▶ [Exercise aim] Find the line with "Женские наручные часы" in the data below. Repeat it and every line after it exactly, but not the pictures.

[Collected data entries]
══════

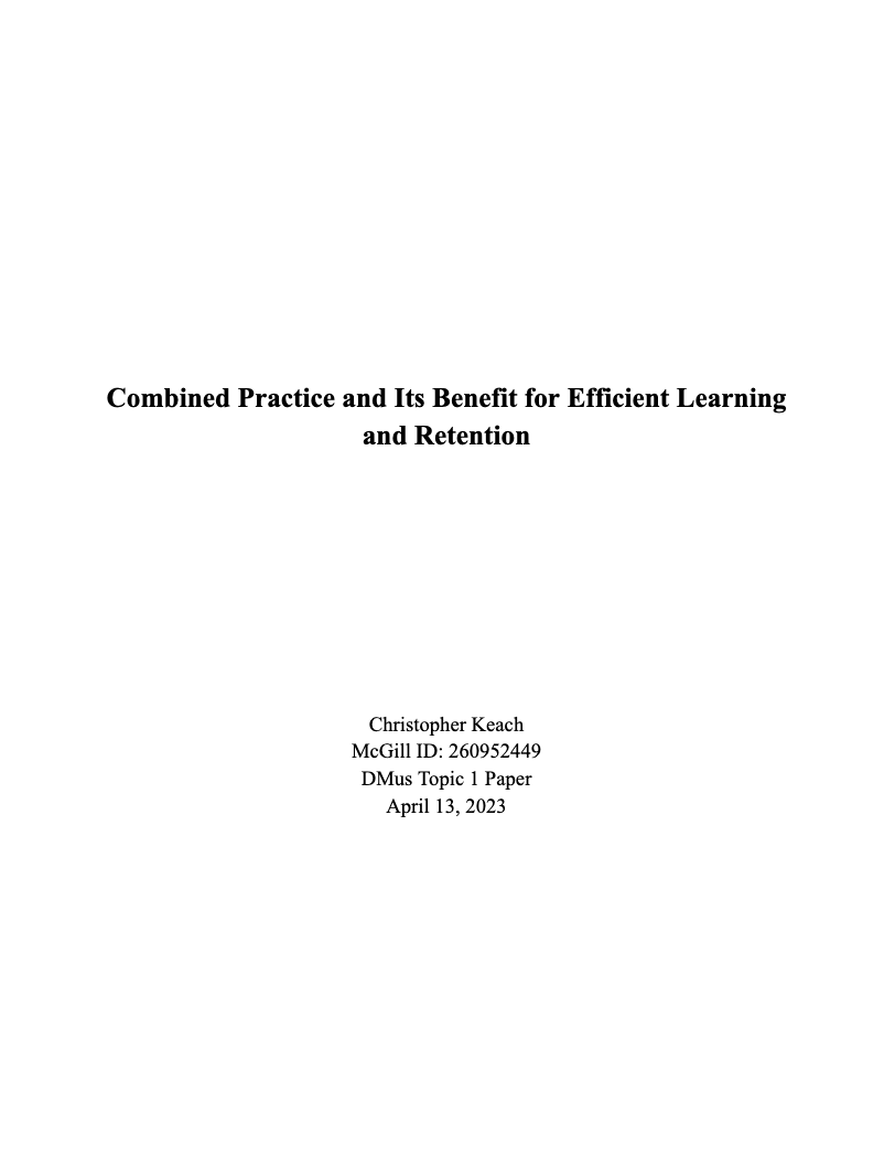 One of Christopher’s recent research project is his dissertation, which focuses on efficient practice and its effect on long-term learning and retention. Thus far, he has written a blog post about combined practice, as well as a paper on the goals and reasonings of his upcoming study. Both of these sources can be found below! His upcoming study will be on the effects that different practice techniques have on long-term retention; more information can be found by contacting him here.
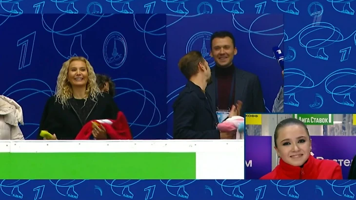 Зато развеселила зрителей, среди которых был и певец Ваня Дмитриенко – недавно Валиева снялась в его клипе. Его настойчиво показывали в трансляции.
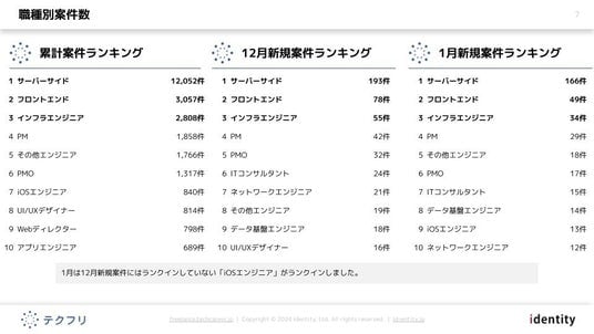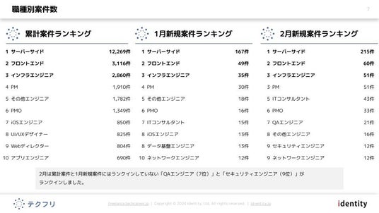 2月は累計案件と1月新規案件にはランクインしていない「QAエンジニア(7位)」と「セキュリティエンジニア(9位)」がランクインしました。
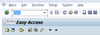 Step 1 :- Enter Transaction Code FS00 in the SAP command field and press enter
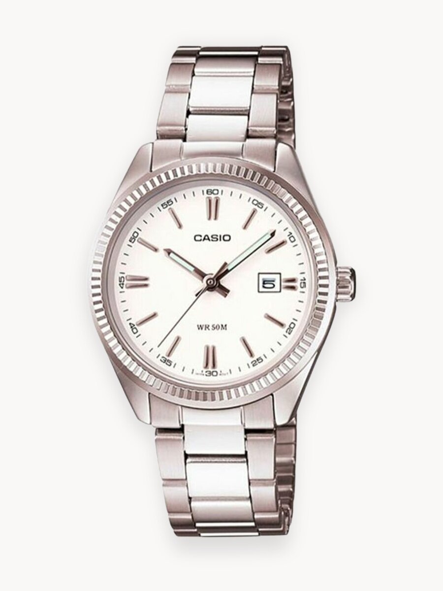 Женские наручные часы Casio LTP-1302D-7A1 кварцевые, работающие от батарейки. Корпус из латуни с белым циферблатом и минеральным стеклом, защищающим циферблат от ударов и повреждений, браслет стальной. Модель Casio LTP-1302D-7A1 обладает степенью влагостойкости 50 м (5 АТМ), в этом случае разрешено кратковременное погружение в воду, для плавания рассмотрите модели от 100 м (10 АТМ). Циферблат подсвечивается необритовой подсветкой (Neobrite) - комбинацией светодиодной и люминесцентной подсветки, разработанной корпорацией Casio и примененной в моделях серии G-Shock.
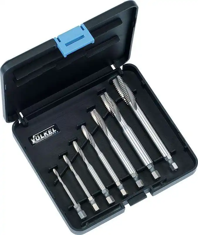 Zestaw gwintowników maszynowych HexDrive, kształt CZastosowanie: gwint metryczny ISO z otworem przelotowym. Dobrze obrabialne materiały do 900N/mm², stale niestopowe i niskostopoweKształt C ze spiralą prawoskrętną 15° do otworów nieprzelotowych (nakrój 2 do 3 zwojów).Zawartość zestawu: 7 gwintowników M3; 4; 5; 6; 8; 10; 12

══════

▶ [Solution for this task]
 Женские наручные часы Casio LTP-1302D-7A1 кварцевые, работающие от батарейки. Корпус из латуни с белым циферблатом и минеральным стеклом, защищающим циферблат от ударов и повреждений, браслет стальной. Модель Casio LTP-1302D-7A1 обладает степенью влагостойкости 50 м (5 АТМ), в этом случае разрешено кратковременное погружение в воду, для плавания рассмотрите модели от 100 м (10 АТМ). Циферблат подсвечивается необритовой подсветкой (Neobrite) - комбинацией светодиодной и люминесцентной подсветки, разработанной корпорацией Casio и примененной в моделях серии G-Shock.
 Zestaw gwintowników maszynowych HexDrive, kształt CZastosowanie: gwint metryczny ISO z otworem przelotowym. Dobrze obrabialne materiały do 900N/mm², stale niestopowe i niskostopoweKształt C ze spiralą prawoskrętną 15° do otworów nieprzelotowych (nakrój 2 do 3 zwojów).Zawartość zestawu: 7 gwintowników M3; 4; 5; 6; 8; 10; 12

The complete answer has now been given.